0

Alright so I've looked around and haven't quite found something like this online

I have to write a script to generate minimum of 5 million unique rows of test data for a table, and these are the columns it needs: • First Name • Last Name • City • State

(can't be gibberish data)

suggestions on how to do this at all? If possible, I would appreciate some code examples to help me get going. The lecture notes and slides are completely useless and I have no idea how it's supposed to be done.

I found this, and the top answer looks like the closest thing to what I'm doing, just not sure how to change/adjust the columns and attributes in the create table statement to match mine: How to generate 1000000 rows with random data?

Jaluvshuskies
  • 35
  • 1
  • 7
  • That answer at that link is just generating random numbers, which isn't *terrible*, but probably not exactly what are you looking for. Instead [creating temp tables](https://stackoverflow.com/questions/2671518/how-to-create-a-temporary-table-in-oracle) like @PatrickSJ suggests below and then Cross join them to create your [INSERT... SELECT...](https://docs.oracle.com/cd/E17952_01/mysql-5.6-en/insert-select.html) statement.
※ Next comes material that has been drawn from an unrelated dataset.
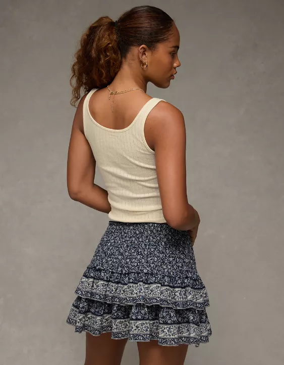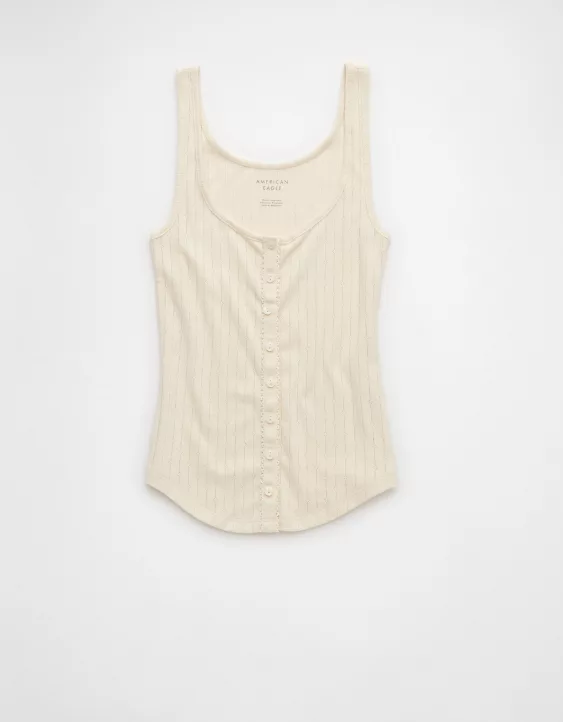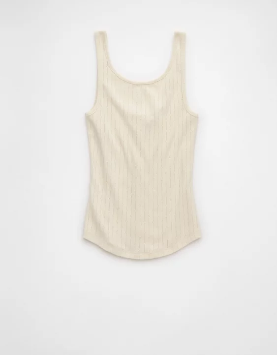 A femme, fitted tank with a scoop neck and delicate pointelle detailing, perfect for a romantic, day-to-night vibe.

Just make sure you sneak some funny first names into the list. – JNevill Dec 08 '17 at 22:14

1 Answers1

2

Make 4 tables, 1 for each column and do a cross join that you select into your random data table. In each table put your values, e.g., the first_name table has 100 names, last_name has 100 names, city as 100 names, and state as 50. 100 * 100 * 100 * 50 = 50 million combinations.

Just make sure each table has no duplicates.

Edit: In the end @Jaluvshuskies and I had this discussion in chat. For anyone who comes across this and wonders what we did: we made the insert statements in Excel from a copy-paste list of googled first and last names, cities, and 50 USA states.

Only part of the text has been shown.